How Packed Is It, Really?
Sariel Har-Peled, Timothy Zhou
TL;DR
This work addresses the problem of estimating the congestion of planar curves, a measure of local zigzagging defined via $c$-packedness. It introduces a randomized $42$-approximation algorithm that runs in $O(n\log^3 n)$ time with high probability, significantly speeding beyond the prior $\tilde{O}(n^{4/3})$-time algorithms. The approach partitions the input into short and long segments and reduces the problem to a small number of quadtrees, using a combination of square-based representations, dynamic programming on the short part, and an exponential-search with random sampling to bound the long part.

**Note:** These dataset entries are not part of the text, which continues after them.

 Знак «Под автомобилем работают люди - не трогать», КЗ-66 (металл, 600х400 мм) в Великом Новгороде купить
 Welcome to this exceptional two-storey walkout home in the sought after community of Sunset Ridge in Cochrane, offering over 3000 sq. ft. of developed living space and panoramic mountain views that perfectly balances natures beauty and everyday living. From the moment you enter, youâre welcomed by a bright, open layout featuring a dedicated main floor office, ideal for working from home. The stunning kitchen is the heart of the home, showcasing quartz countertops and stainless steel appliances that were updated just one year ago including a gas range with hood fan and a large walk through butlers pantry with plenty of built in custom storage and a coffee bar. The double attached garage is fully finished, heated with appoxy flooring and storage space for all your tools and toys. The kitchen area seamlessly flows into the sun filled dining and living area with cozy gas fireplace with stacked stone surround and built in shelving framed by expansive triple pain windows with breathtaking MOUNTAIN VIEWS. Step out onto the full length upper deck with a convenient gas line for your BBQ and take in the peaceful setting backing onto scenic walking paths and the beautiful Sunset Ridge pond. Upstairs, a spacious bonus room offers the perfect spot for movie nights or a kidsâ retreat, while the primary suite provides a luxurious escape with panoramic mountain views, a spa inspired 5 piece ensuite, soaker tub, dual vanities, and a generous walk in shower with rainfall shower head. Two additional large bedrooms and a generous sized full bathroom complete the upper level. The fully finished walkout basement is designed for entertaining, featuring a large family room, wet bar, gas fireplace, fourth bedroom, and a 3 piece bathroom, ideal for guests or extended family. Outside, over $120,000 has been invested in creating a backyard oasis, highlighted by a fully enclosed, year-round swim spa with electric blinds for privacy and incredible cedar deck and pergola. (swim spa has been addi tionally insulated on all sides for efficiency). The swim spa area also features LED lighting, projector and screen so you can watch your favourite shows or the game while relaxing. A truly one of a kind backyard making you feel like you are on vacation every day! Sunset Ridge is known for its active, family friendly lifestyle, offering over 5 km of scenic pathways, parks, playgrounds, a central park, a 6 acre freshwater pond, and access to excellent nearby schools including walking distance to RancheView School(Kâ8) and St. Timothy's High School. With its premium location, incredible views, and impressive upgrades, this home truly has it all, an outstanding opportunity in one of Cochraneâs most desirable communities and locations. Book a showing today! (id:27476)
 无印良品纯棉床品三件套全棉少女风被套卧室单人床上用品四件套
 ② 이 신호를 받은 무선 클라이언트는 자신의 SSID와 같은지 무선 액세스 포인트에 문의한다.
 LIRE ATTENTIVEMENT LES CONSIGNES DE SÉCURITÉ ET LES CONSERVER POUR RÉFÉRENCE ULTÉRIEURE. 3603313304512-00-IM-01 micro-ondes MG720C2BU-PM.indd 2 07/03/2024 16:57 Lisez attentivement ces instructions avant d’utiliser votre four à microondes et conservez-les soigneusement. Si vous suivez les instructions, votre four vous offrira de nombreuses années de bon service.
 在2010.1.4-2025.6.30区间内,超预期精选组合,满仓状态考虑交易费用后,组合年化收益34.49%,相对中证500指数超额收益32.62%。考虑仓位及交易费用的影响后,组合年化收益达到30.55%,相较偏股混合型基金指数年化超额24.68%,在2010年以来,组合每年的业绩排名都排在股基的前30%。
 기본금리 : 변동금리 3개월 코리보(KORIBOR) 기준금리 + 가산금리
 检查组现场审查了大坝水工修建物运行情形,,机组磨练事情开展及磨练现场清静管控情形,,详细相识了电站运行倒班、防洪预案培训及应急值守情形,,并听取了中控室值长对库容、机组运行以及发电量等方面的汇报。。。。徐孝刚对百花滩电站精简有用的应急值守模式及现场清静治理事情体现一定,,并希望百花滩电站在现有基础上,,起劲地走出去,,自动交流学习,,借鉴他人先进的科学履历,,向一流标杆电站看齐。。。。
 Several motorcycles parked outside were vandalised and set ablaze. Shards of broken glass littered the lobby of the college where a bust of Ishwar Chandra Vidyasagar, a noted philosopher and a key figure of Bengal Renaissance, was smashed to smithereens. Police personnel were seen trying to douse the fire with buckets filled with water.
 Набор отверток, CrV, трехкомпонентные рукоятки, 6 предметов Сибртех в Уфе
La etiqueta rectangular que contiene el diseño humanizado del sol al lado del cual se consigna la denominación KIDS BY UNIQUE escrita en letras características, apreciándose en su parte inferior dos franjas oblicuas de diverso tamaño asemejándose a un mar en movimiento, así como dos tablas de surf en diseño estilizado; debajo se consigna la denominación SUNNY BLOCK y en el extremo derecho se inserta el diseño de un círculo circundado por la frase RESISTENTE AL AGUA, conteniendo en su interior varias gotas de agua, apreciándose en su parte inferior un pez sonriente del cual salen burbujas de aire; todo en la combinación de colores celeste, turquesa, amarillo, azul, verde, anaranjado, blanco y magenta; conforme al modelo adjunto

The result yields near-linear-time, constant-factor congestion estimates useful for efficient Fréchet-distance approximations and related problems, with potential extensions to higher dimensions and practical implementations.
Abstract
The congestion of a curve is a measure of how much it zigzags around locally. More precisely, a curve $π$ is $c$-packed if the length of the curve lying inside any ball is at most $c$ times the radius of the ball, and its congestion is the minimum $c$ for which $π$ is $c$-packed. This paper presents a randomized $42$-approximation algorithm for computing the congestion of a curve (or any set of segments in the plane). It runs in $O( n \log^2 n)$ time and succeeds with high probability. Although the approximation factor is large, the running time improves over the previous fastest constant approximation algorithm, which took $\widetilde{O}(n^{4/3})$ time. We carefully combine new ideas with known techniques to obtain our new near-linear time algorithm.